Fully vaccinated travellers no longer have to quarantine for two weeks. Starting August 9, if you are fully vaccinated, you no longer need an on arrival test unless you get randomly selected. Canada currently only considers you to be “fully vaccinated” if it has been 14 days since you got the final dose of a vaccine that has been approved by Health Canada. These currently include: Pfizer, Moderna, Astra Zeneca, and Janssen. Otherwise, you are still considered unvaccinated.

Discover your options to study in Canada

The ninth of August also marks the end of hotel quarantine, where travellers have to pay to stay in a government-approved hotel.

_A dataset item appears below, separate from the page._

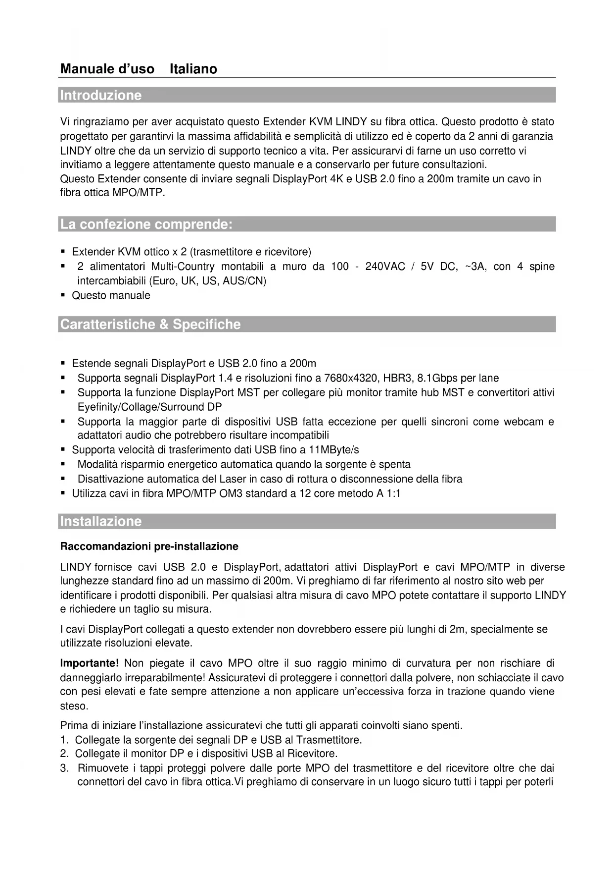 Introduzione Vi ringraziamo per aver acquistato questo Extender KVM LINDY su fibra ottica. Questo prodotto è stato progettato per garantirvi la massima affidabilità e semplicità di utilizzo ed è coperto da 2 anni di garanzia LINDY oltre che da un servizio di supporto tecnico a vita. Per assicurarvi di farne un uso corretto vi invitiamo a leggere attentamente questo manuale e a conservarlo per future consultazioni. Questo Extender consente di inviare segnali DisplayPort 4K e USB 2.0 fino a 200m tramite un cavo in fibra ottica MPO/MTP. La confezione comprende: Extender KVM ottico x 2 (trasmettitore e ricevitore) 2 alimentatori Multi-Country montabili a muro da 100 - 240VAC / 5V DC, ~3A, con 4 spine intercambiabili (Euro, UK, US, AUS/CN) Questo manuale Caratteristiche & Specifiche Estende segnali DisplayPort e USB 2.0 fino a 200m Supporta segnali DisplayPort 1.4 e risoluzioni fino a 7680x4320, HBR3, 8.1Gbps per lane Supporta la funzione DisplayPort MST per collegare più monitor tramite hub MST e convertitori attivi Eyefinity/Collage/Surround DP Supporta la maggior parte di dispositivi USB fatta eccezione per quelli sincroni come webcam e adattatori audio che potrebbero risultare incompatibili Supporta velocità di trasferimento dati USB fino a 11MByte/s Modalità risparmio energetico automatica quando la sorgente è spenta Disattivazione automatica del Laser in caso di rottura o disconnessione della fibra Utilizza cavi in fibra MPO/MTP OM3 standard a 12 core metodo A 1:1 Installazione Raccomandazioni pre-installazione LINDY fornisce cavi USB 2.0 e DisplayPort, adattatori attivi DisplayPort e cavi MPO/MTP in diverse lunghezze standard fino ad un massimo di 200m. Vi preghiamo di far riferimento al nostro sito web per identificare i prodotti disponibili. Per qualsiasi altra misura di cavo MPO potete contattare il supporto LINDY e richiedere un taglio su misura. I cavi DisplayPort collegati a questo extender non dovrebbero essere più lunghi di 2m, specialmente se utilizzate risoluzioni elevate. Importante! Non piegate il cavo MPO oltre il suo raggio minimo di curvatura per non rischiare di danneggiarlo irreparabilmente! Assicuratevi di proteggere i connettori dalla polvere, non schiacciate il cavo con pesi elevati e fate sempre attenzione a non applicare un’eccessiva forza in trazione quando viene steso. Prima di iniziare l’installazione assicuratevi che tutti gli apparati coinvolti siano spenti.

All that being said, you still have to show up to the border with a suitable quarantine plan in case the border officer determines you do not meet the exemption. The federal government issued a presser specifically for international students coming to Canada this fall, reminding them of what they need to do in order to travel to Canada.

Who can enter Canada to study

There are two things you need to come to Canada as a student:

Students coming from India will have to navigate the ban on direct flights. Canada has suspended direct flights between the two countries until at least August 21. Those travelling from India can take an indirect route, but will need a pre-departure COVID-19 test from a third country before coming to Canada.

Quarantine plan

Your should already have a plan to manage the quarantine period for international students as part of its COVID-19 readiness plan. They should also allow you access to food and medicine during your stay. Contact your school for help in developing your quarantine plan before you depart for Canada.

After that, you have to submit your plan to border officials through the ArriveCAN app. This app has been used throughout the pandemic for officer-traveller communication, and it is where you submit all the documents you will need for travel.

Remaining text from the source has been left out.